SOURCE RECORDS:
:::

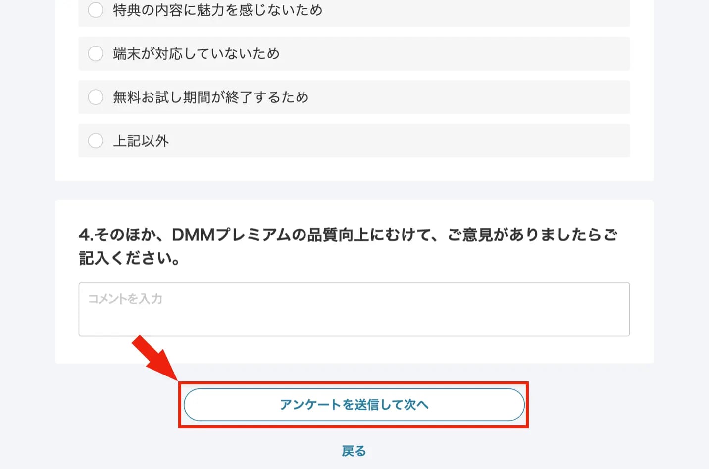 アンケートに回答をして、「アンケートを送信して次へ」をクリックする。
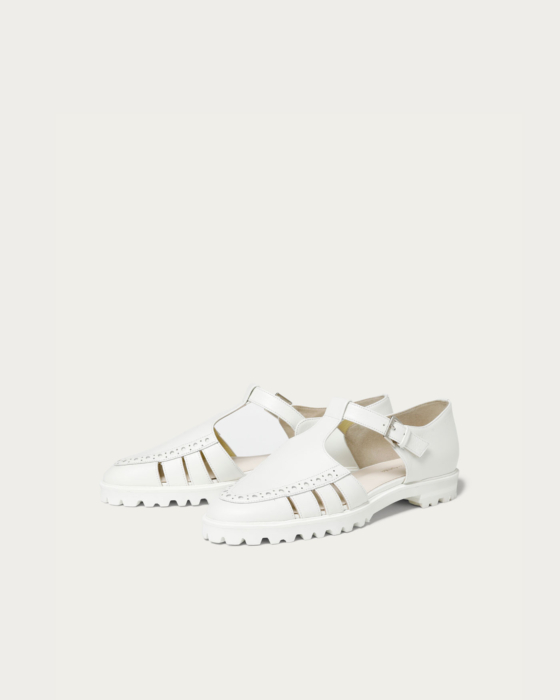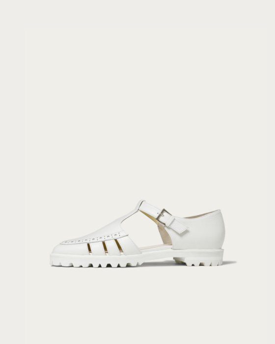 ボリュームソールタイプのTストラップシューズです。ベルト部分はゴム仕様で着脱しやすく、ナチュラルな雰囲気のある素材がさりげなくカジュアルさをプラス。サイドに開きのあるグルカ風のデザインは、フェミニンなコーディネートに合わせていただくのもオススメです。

:::

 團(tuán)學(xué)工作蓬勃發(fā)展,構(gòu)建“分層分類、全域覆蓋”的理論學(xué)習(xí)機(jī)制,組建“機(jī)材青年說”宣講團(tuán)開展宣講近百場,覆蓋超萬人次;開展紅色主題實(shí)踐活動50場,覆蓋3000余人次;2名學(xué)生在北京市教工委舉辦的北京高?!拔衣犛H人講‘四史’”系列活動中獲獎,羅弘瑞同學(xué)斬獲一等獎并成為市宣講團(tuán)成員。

:::

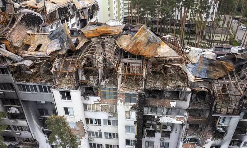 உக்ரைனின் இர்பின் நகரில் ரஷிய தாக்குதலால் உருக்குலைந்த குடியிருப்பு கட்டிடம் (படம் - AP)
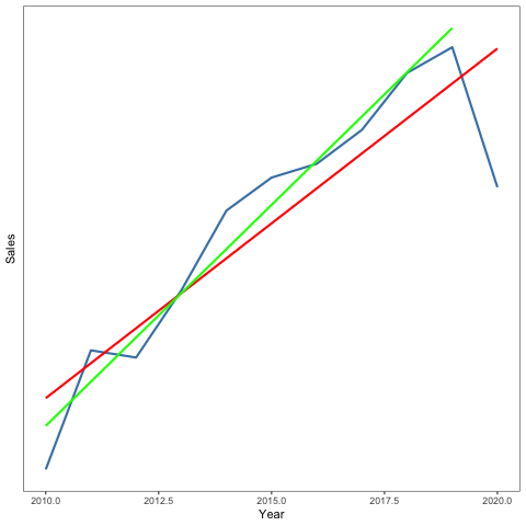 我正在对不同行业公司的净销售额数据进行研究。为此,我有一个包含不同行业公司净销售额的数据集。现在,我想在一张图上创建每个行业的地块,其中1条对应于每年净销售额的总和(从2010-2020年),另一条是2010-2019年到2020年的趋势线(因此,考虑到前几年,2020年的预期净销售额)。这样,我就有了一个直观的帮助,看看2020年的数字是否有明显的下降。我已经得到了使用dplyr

:::

TASK INSTRUCTIONS: Reproduce the data above exactly, but only the lines from the one showing "アンケートに回答をして、「アンケートを送信して次へ」をクリックする。" through the one showing "ボリュームソールタイプのTス", with both ends kept and the pictures left out.

YOUR RESPONSE:
 アンケートに回答をして、「アンケートを送信して次へ」をクリックする。
 ボリュームソールタイプのTストラップシューズです。ベルト部分はゴム仕様で着脱しやすく、ナチュラルな雰囲気のある素材がさりげなくカジュアルさをプラス。サイドに開きのあるグルカ風のデザインは、フェミニンなコーディネートに合わせていただくのもオススメです。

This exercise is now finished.